The mysteriously bruised gut is still the same. It doesn’t feel like it’s getting any better or worse, which is frustrating. I’ll probably bug my family doctor about it again if it hasn’t changed by the end of this week. I haven’t yet seen the endocrinologist for the follow up post-surgical visit. That’s not even scheduled until sometime in early April. I can’t help but wonder if he’ll have the magical answer for the gut stuff, and then ask why I didn’t call him in the first place. At which point I imagine a pie suddenly appearing in my hand, which I then proceed to comically splat right on his face. Wat, wait, wait… piiiiicture it…. goooood.

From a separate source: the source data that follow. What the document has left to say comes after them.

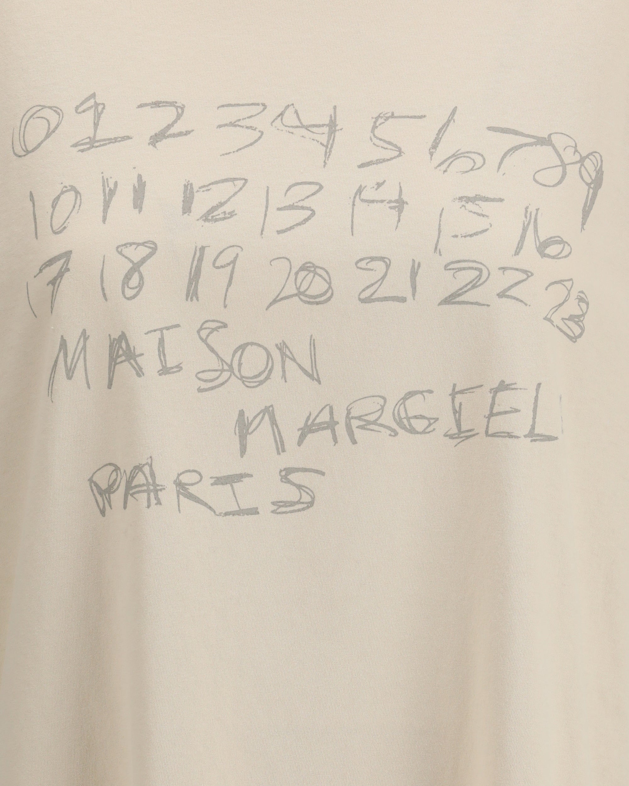 The cotton T-shirt by Maison Margiela offers a fresh take on the Maison’s numeric logo through a graphic inspired by spontaneous, hand-drawn lettering, reflecting the brand’s rebellious attitude. The front features printed numbers and scribbled text, while the iconic Four Stitches at the back stand in place of a traditional label. Crafted from ring-spun jersey, it is finished with a classic crew neckline and short sleeves.
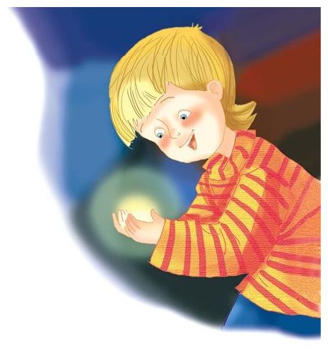 – На светлячка! Вот он, в коробочке живет. Погаси-ка свет!
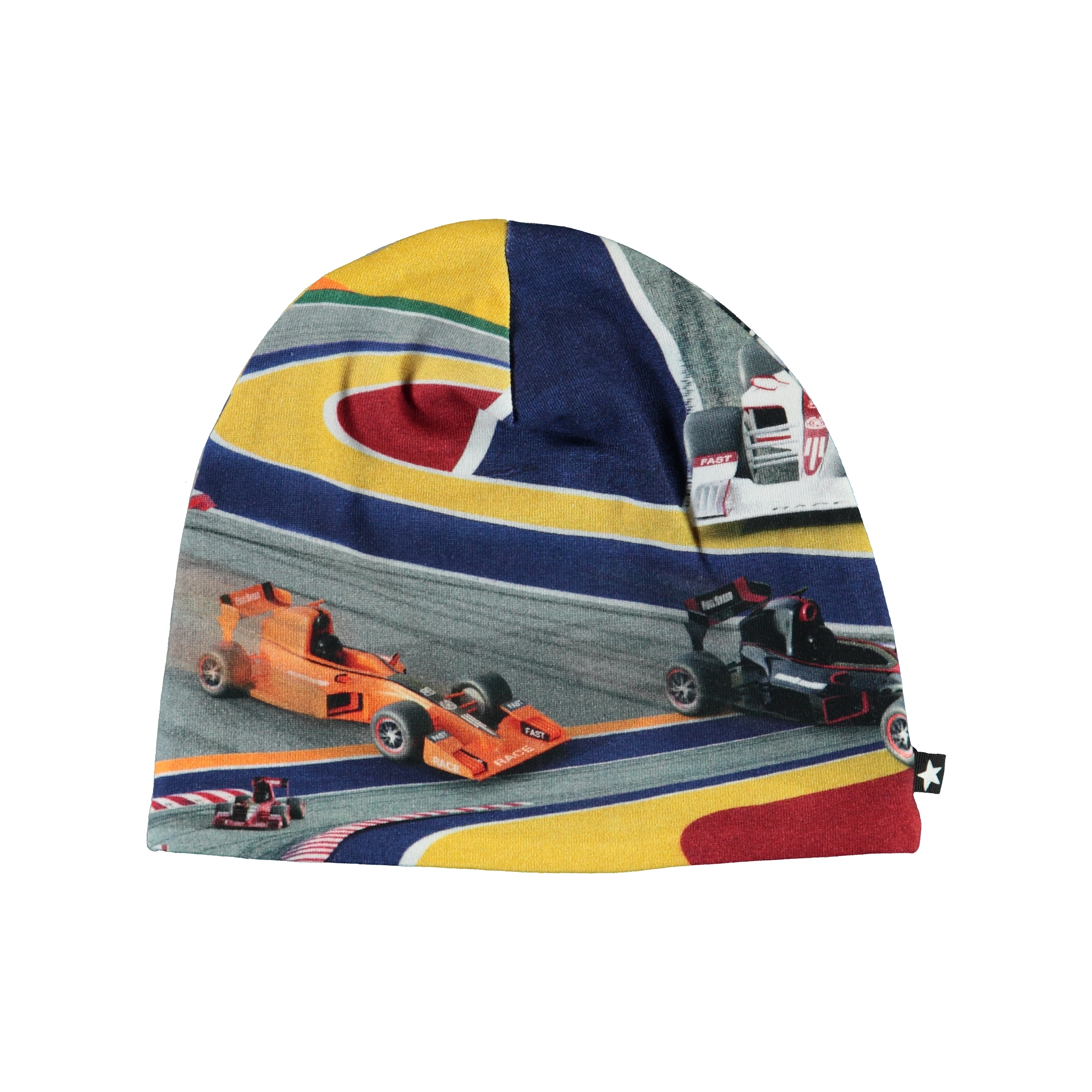 Farverig hue med print af racerbiler.
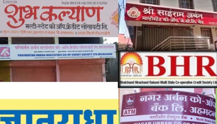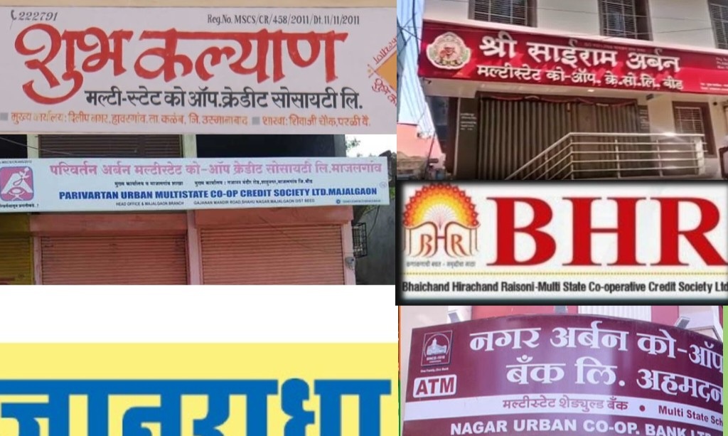 परिवर्तन अर्बन मल्टीस्टेट १८ कोटी १८ लाख ९१ हजार ८६४,शुभकल्याण मल्टीस्टेट- २० कोटी २१ लाख १५ हजार ५९२, समृद्धी जीवन फुड्स इंडिया- २० कोटी, माऊली मल्टीस्टेट- १ कोटी ४३ लाख ४५ हजार ५५४, मैत्रय ग्रुप- ४ कोटी १२ लाख १९ हजार ९२१, परळी पिपल्स अर्बन- ४४ लाख ७० हजार २५९,मातोश्री नागरी सहकारी पतसंस्था- २ कोटी ३५ लाख ३९ हजार ६४०,स्वराज्य जीआरबी इंडस्ट्रीज कंपनी – ४० लाख ६६ हजार, जीवनश्री नागरी सहकारी पतसंस्था- १८ लाख ९५ हजार ६००, जिजाऊ माँसाहेब मल्टीस्टेट- ७३ कोटी द्वारकादास मंत्री नागरी सहकारी बँक-२२९ कोटी ९४ लाख,(केवळ याच बँकेवर प्रशासक नियुक्त आहे.त्यामुळे येथील ठेवीदारांना किमान पैसे परत मिळतील हा दिलासा आहे.),हिना शाहीन बँक बीड-किमान २० ते २५ कोटी,चंपावती बँक बीड २० ते २५ कोटी,केबीसी चैन मार्केटींग नाशिक – बीड जिल्ह्यातील किमान २०० कोटी,श्रीसाईरामअर्बन,ज्ञानधारा,जिजाऊ माॅसाहेब,बीएचआर(भाईचंद हिराचंद रायसोनी),नगर अर्बन यासह अनेक मल्टीस्टेट डबघाईला आल्या आहेत.
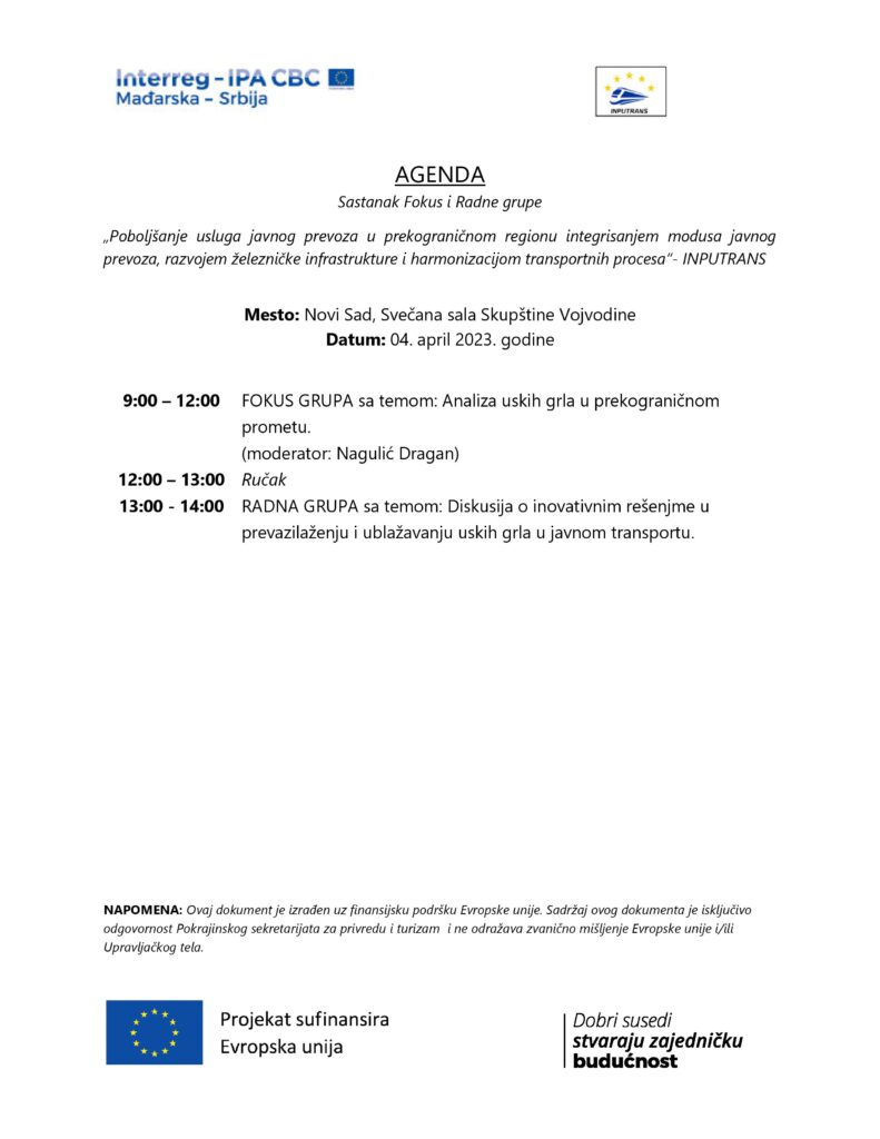 On April 4th 2023 the Inputrans team organized two important meetings, one Focus group and one Work group with the aim to investigate the issue of bottlenecks in the cross-border transport of passengers and cargo and innovative solutions for overcoming and alleviating bottlenecks in public transport. There were more than 30 participants present. The event was organized at the Ceremonial Hall of the Assembly of Vojvodina in Novi Sad.
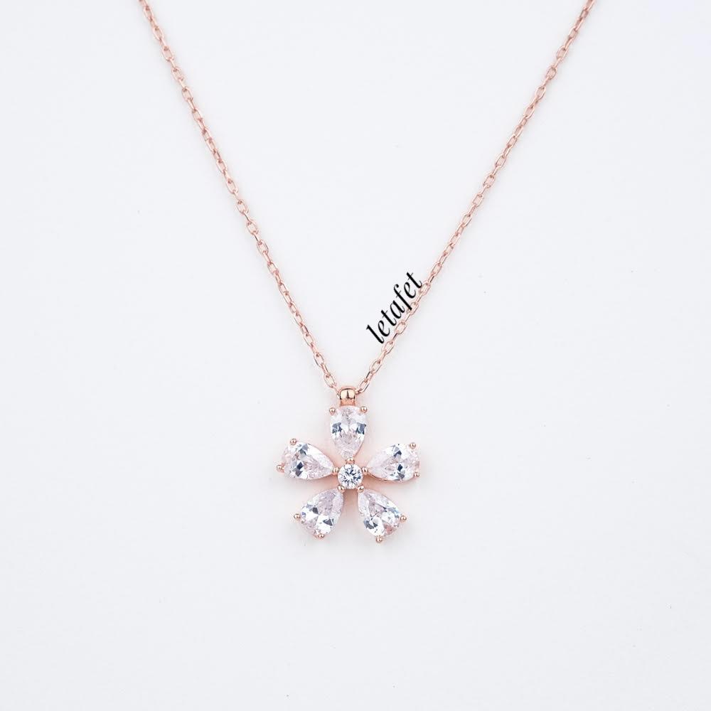 Çiçek Baget Minimal Kolye Rose Üçlü Minimal Deniz Yıldızı Gümüş Kolye Rose

As far as the big question that everybody asks, “How are you feeling???”, I’d say the honest answer has to be “like a lump.” I haven’t yet started exercising again, and I really think that’s what I need to do. I mean basic stuff, but at least something. Because I am logically a bit drained of energy throughout the day, and although my brain wants to work full speed, my body isn’t really translating that much further than “half speed.” So I end up feeling like a lazy lump, because I know there’s so much I want to do but I’m just not energized enough to do it. It’s not a depressed lump, I don’t think. I think it’s just an honest, body isn’t up to full speed yet lump. So I think I’m ready to get some exercise in and start working those endorphins. Usually, however, my answer to the big question of “How are you feeling???” is “Pretty good, thanks.” That’s a lot easier to explain.
And I think it’s notable that I can’t tell if I’ve covered everything or not in this update. That must mean that I’m not paying as much attention to it any more, which either points to progress or apathy. And I’m fairly sure it’s not apathy. Whatever.
So now, I’m off to bed. For those still offering up prayers and energy and thoughts, focus them all on a solid night’s sleep. Then you’ll really see me testing the limits of my smile.

3 comments
Comments feed for this article
March 21, 2007 at 9:59 am
Lynn
Hopefully you got all the sleep my brain & body refised to let me have last night. If you did, you are feeling fabulous!
March 22, 2007 at 8:17 am
Mesha
Hope you slept well!! It was soooooooooooooooooooooooooooooo great to see you at practice last night!!!!!!!!
March 22, 2007 at 8:19 pm
Mary Anne Silverman
Dave….What a very cool concept, having to “practice” smiling! I think we should ALL do that in solidarity with you. I’m doing it right now!
I was thinking that I always say that when people start grumbling, they’re really getting better. (Need I say more?)
Thanks for your note, and you are so very welcome. I’m very pleased that your outcome is such a positive one.
I would love to sit with you and Teri (who I’ve NEVER met) and Jasper and maybe have lunch one of these days. I’ll see if Donald can coordinate that one for us.
Meantime, keep up the great work.
When will you officially return to stand-up? I’d love to see you if it’s in a non-smoky venue. (I have awful asthma, and must have no cig smoke.) I hope you’ll post that on this blog for all of us fans.